Eichard G. Meyer died March 11, 1935. The defendant paid the principal sum of $10,000, but disclaimed liability on the double-indemnity provisions of the policy. The beneficiary brought this action to recover the additional sum, claiming that the insured suffered an accidental death within the language of the policy. On the trial the complaint was dismissed at the close of the plaintiff's case.

There is presented here only a question of law as to whether the proof made a prima facie case of death by accidental cause. Whatever defenses there may be, they have not been heard.

The principal facts may be briefly stated. In the early part of 1934 the insured began to suffer from insomnia, although otherwise he was in good health. In June of that year his family physician prescribed from one to three capsules of sodium ortal to induce sleep. These capsules were obtained at a drugstore. This sedative was taken more or less regularly from the time it was prescribed until the death of the insured.

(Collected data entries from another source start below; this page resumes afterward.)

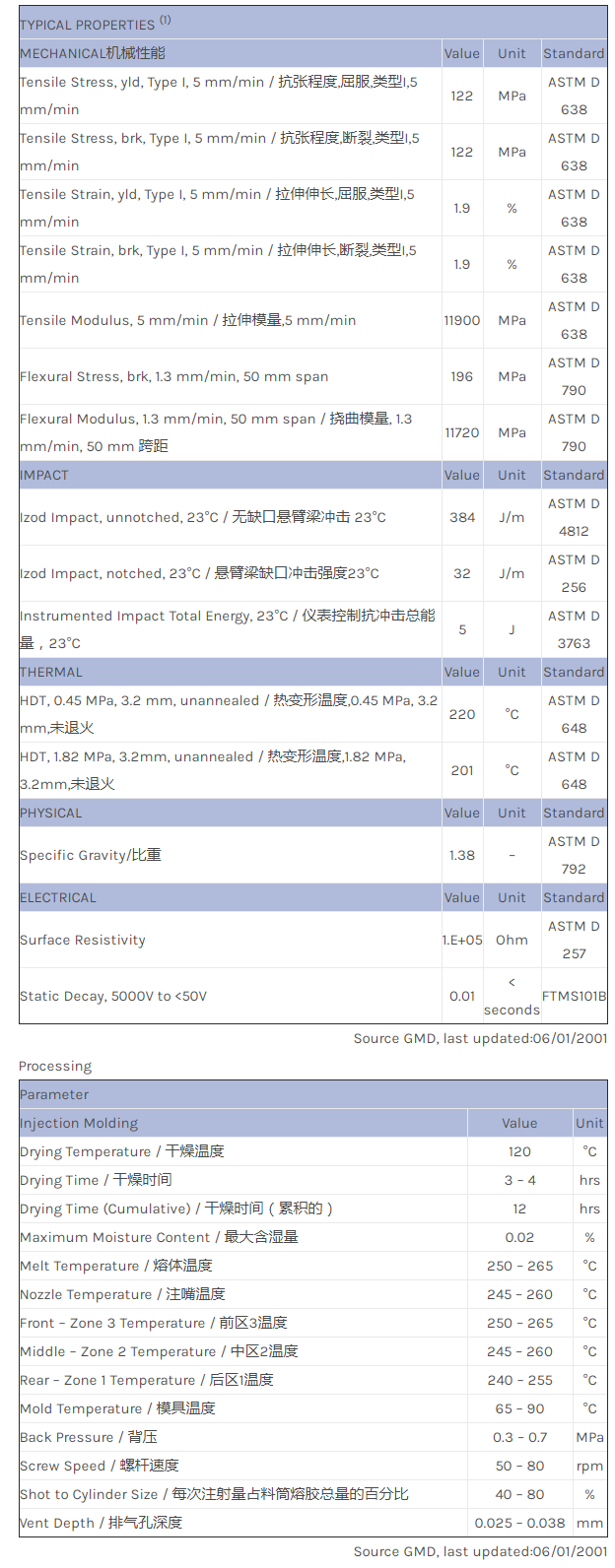 应用范围:产品描述LNP THERMOCOMP Valox_EXCP0054物性表PRELIMINARY DATA. 16% carbon fiber filled PBT. Solvent resistant.
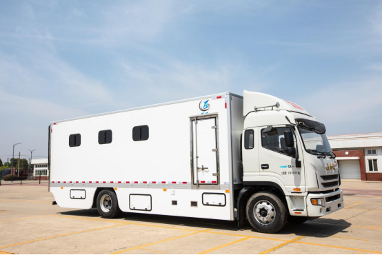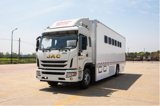 底盘采用江淮德沃斯,发动机康明斯,总质量18t,轴距5800mm,排量4L,马力194PS,动力强劲,净扭矩717Nm/r,国六排放标准,带有ABS。
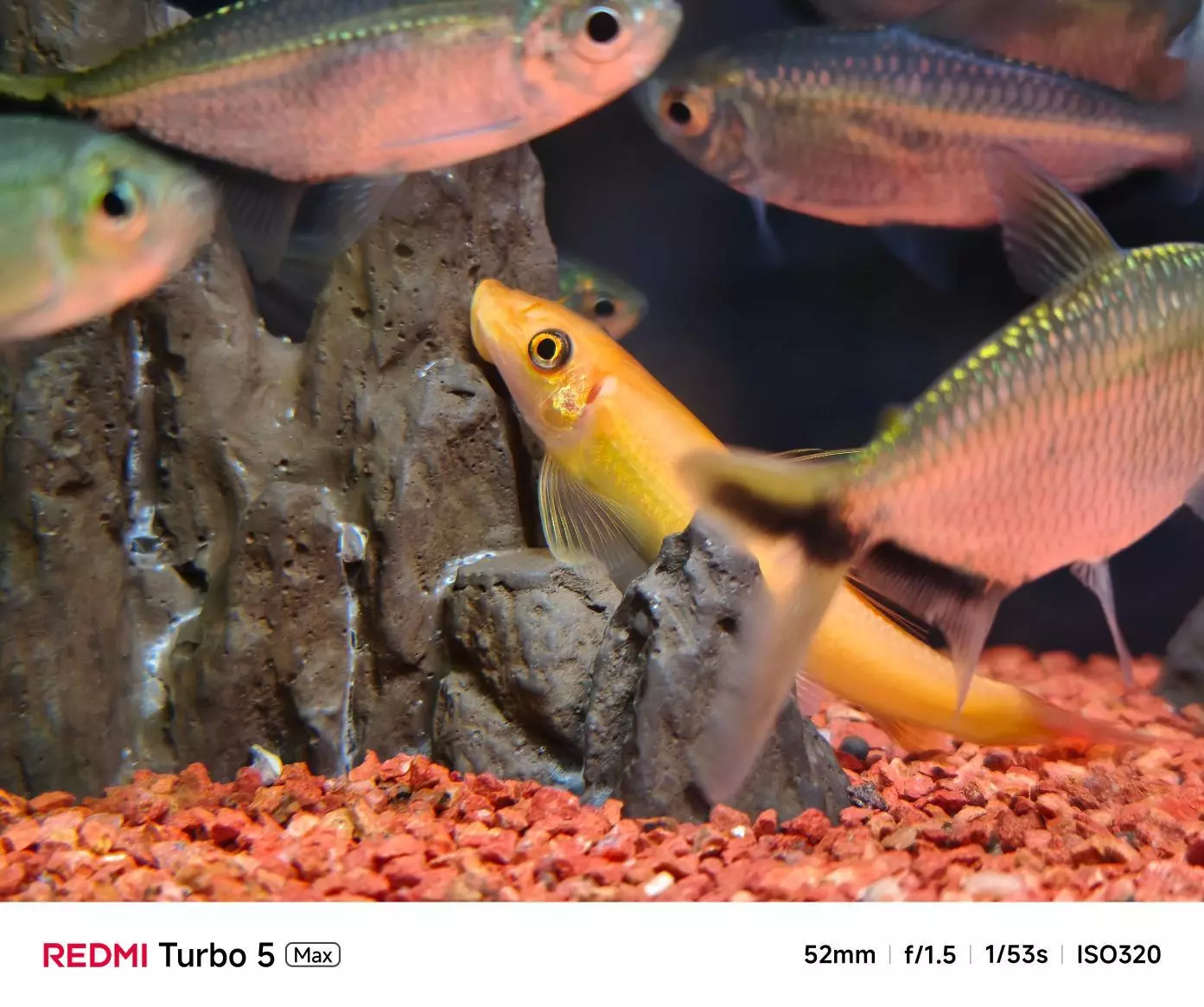 这一点从功耗上也能看出来,红米REDMI Turbo 5 Max在半个小时崩坏·星穹铁道的游戏过程中平均功耗达到了惊人的8W。当然,激进的性能释放也就意味着激进的温度,红米REDMI Turbo 5 Max的正面最高温度达到了49.9℃,背面最高温度达到了49.6℃,手持时,已经有非常明显的痛感了。如果仅从游戏帧率的角度考虑,红米REDMI Turbo 5 Max算得上近期2500档的最佳选手之一,但是高负载条件下的温度也不能忽视,当然用户完全也可以在崩坏·星穹铁道中关闭狂暴引擎,来换取更平衡的功耗,只能说狂暴引擎确实够狂暴。影像红米REDMI Turbo 5 Max首发了光影猎人600,5000万像素,1/1.95英寸,F1.5光圈+12.5EV动态范围,定位并不高,不过得益于双原生ISO Fusion等技术的引入和F1.5大光圈,实际成像效果还算不错,整体来说比较干净,表现接近光影猎人800。
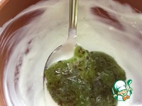Сметану смешайте с пюре из киви, добавьте сахар, размешайте и оставьте до полного растворения сахара, затем еще раз размешайте. |
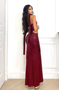 Il design sensuale con tagli laterali velati e schiena scoperta valorizza la silhouette, mentre il collo a sciarpa aggiunge un tocco sofisticato e glamour.
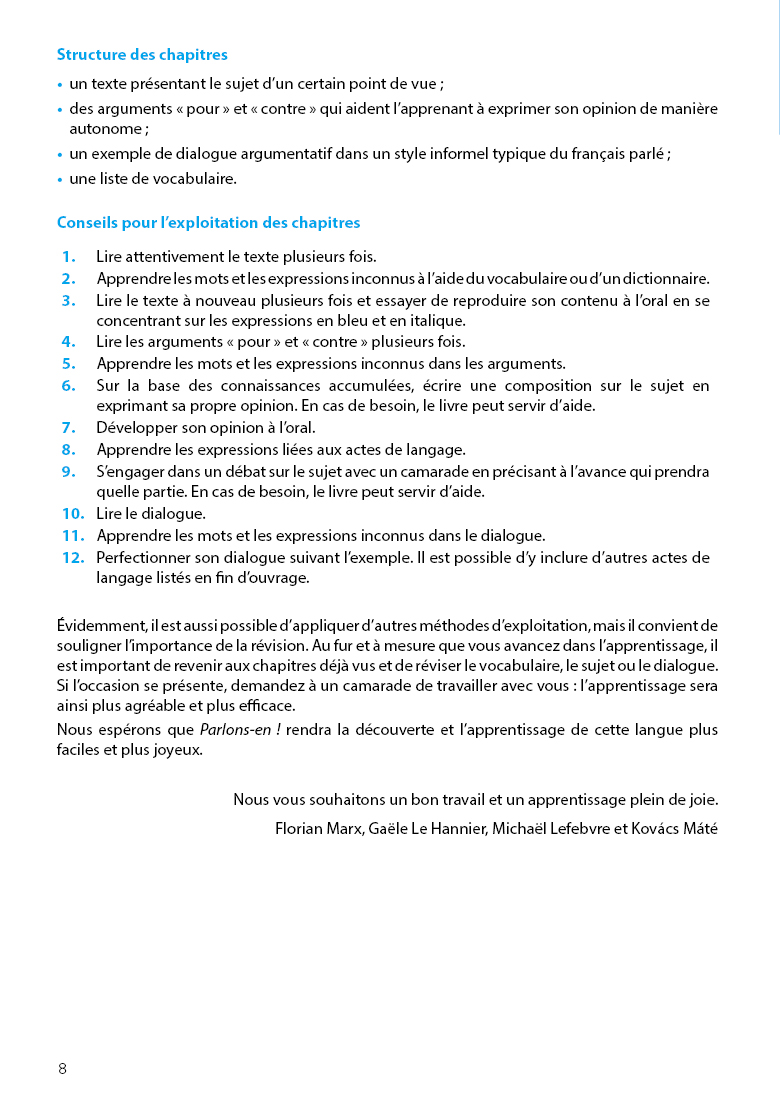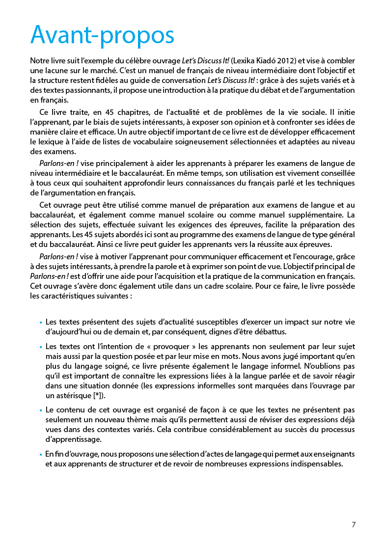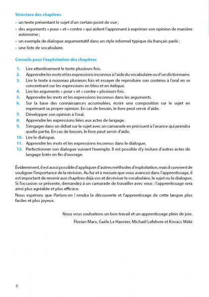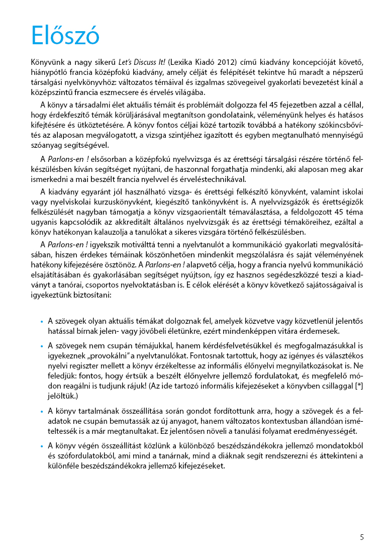 A Parlons-en ! gyakorlatközpontú megközelítésével és sikerélményt nyújtó feladataival motiválttá teszi a nyelvtanulót a kommunikáció gyakorlati megvalósításában, és olyanokat is megszólalásra indít, akik nyelvtudásuk ellenére sem tudtak megbirkózni eddig a francia nyelvű beszéd és véleménycsere kihívásaival. Kiadványunk e sajátosságainak köszönhetően hasznos segédeszköze lehet mind az önálló nyelvtanulásnak, mind a tanórai, csoportos nyelvoktatásnak.

During the evening of March 10, 1935, Mr. Meyer purchased a small bottle of these sodium ortal capsules. The following morning he was found in bed, unconscious, by the members of his family. A physician was summoned at once; and when emergency treatment did not result favorably, the insured was taken to a hospital. He died about noon. An autopsy was performed; and it is undisputed that death was the result of an overdose of sodium.ortal. There is here no claim of intended self-destruction. The home life of Mr. Meyer was happy; there were three children doing well in school; he was in good health, and had no business trouble. Obviously, the insured intended to take the capsules. Either he misjudged their effect or there was a mistake in the preparation of the content thereof.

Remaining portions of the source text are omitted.